Introduced by our own Long Island Assembly Member, Steve Englebright (D-East Setauket), the Solar Jobs Act will help offset what is currently the most expensive and polluting slice of New York’s electricity mix, peak generation, with reliable power from the sun. Furthermore, by keeping energy dollars invested in the state, this legislation will have significant immediate and long-term benefits for our economy. It will create 22,000 new local jobs across a broad range of skill levels and generate an estimated $20 billion in economic activity. 

For Long Island, that means more jobs at local companies like KPS Solar. And by drawing on lessons learned in other states, the Solar Industry Development and Jobs Act is designed to deliver those high economic returns at a low cost to ratepayers.

Perhaps most importantly, this legislation will finally give solar energy the policy foundations needed to build a strong, self-sustaining local market.

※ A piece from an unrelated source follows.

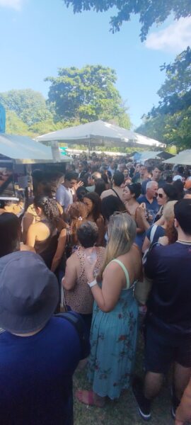 Evento gratuito em um ambiente ao ar livre, com acesso facilitado pela estação de metrô Flamengo, além da opção de transporte por aplicativo e a presença de estacionamento rotativo no local foi a receita infalível para um belo programa de final de semana! Talvez não estivessem esperando tamanha demanda. Refaço: talvez não, certamente não esperavam! Afinal, era o primeiro evento do tipo naquele local, não havia experiência anteriores que pudessem nortear a escolha do espaço, a disposição dos expositores etc. E, para agravar ainda mais a situação, fazia um belo dia de sol carioca, emoldurando e tornando ainda mais incrível o visual do Aterro do Flamengo…

All across the country, states that have effective solar policies are seeing lower energy costs – which, in turn, drives additional demand for solar that lowers its cost even further (what economists call a “virtuous cycle”). In those states, utilities are already signing contracts for solar power that are at or below the price of natural gas. The Solar Jobs Act would effectively move New York’s solar industry beyond one-off projects by steadily building a robust new energy economy.

This solar initiative is far from pie in the sky. In fact, just look next door to see how well it is working. New Jersey implemented exactly the kind of solar program we are contemplating right now, and as a result, the Garden State installed more solar capacity last year than the Empire State has in its entire history. New Jersey now generates more than six times as much solar energy as New York. And because it has a first-to-market advantage, New Jersey has one of the most robust clean-energy sectors on the East Coast – including all those green jobs that should be ours.

The clean-energy future that Long Islanders have wanted for years could be a reality before legislators break for the summer. The Solar Jobs Act has bipartisan support in the Assembly and Senate, and is sponsored by 17 members of Long Island’s delegation (3 Senate, 14 Assembly). Senate Majority Leader Dean Skelos (R-Rockville Centre) will play a critical role in its passage, and he has been supportive in recent discussions. The Solar Jobs Act also fits perfectly within Gov. Andrew Cuomo’s campaign promise to help create a thriving innovation economy.

In other words, there is no good reason New York can’t get this bill done in June. The Solar Jobs Act opens the door to a smarter, safer and more economical future. If Long Island continues to rely on fossil fuels, electric bills will only go up and up with each passing summer. The sun, on the other hand, is NOT raising its rates this year; sunlight will always be free and solar energy is getting cheaper all the time.

Kevin MacLeod, president of KPS Solar based in Bay Shore and staunch advocate for alternative energy, contributed to this article.

Author: Marcia Bystryn

Marcia Bystryn is president of the New York League of Conservation Voters.

1 thought on “Solar’s Time Is Now”

  1. Perhaps most importantly, this legislation will finally give solar energy the policy foundations needed to build a strong, self-sustaining local market. All across the country, states that have effective solar policies are seeing lower energy costs – which, in turn, drives additional demand for solar that lowers its cost even further (what economists call a “virtuous cycle”). In those states, utilities are already signing contracts for solar power that are at or below the price of natural gas. The Solar Jobs Act would effectively move New York’s solar industry beyond one-off projects by steadily building a robust new energy economy.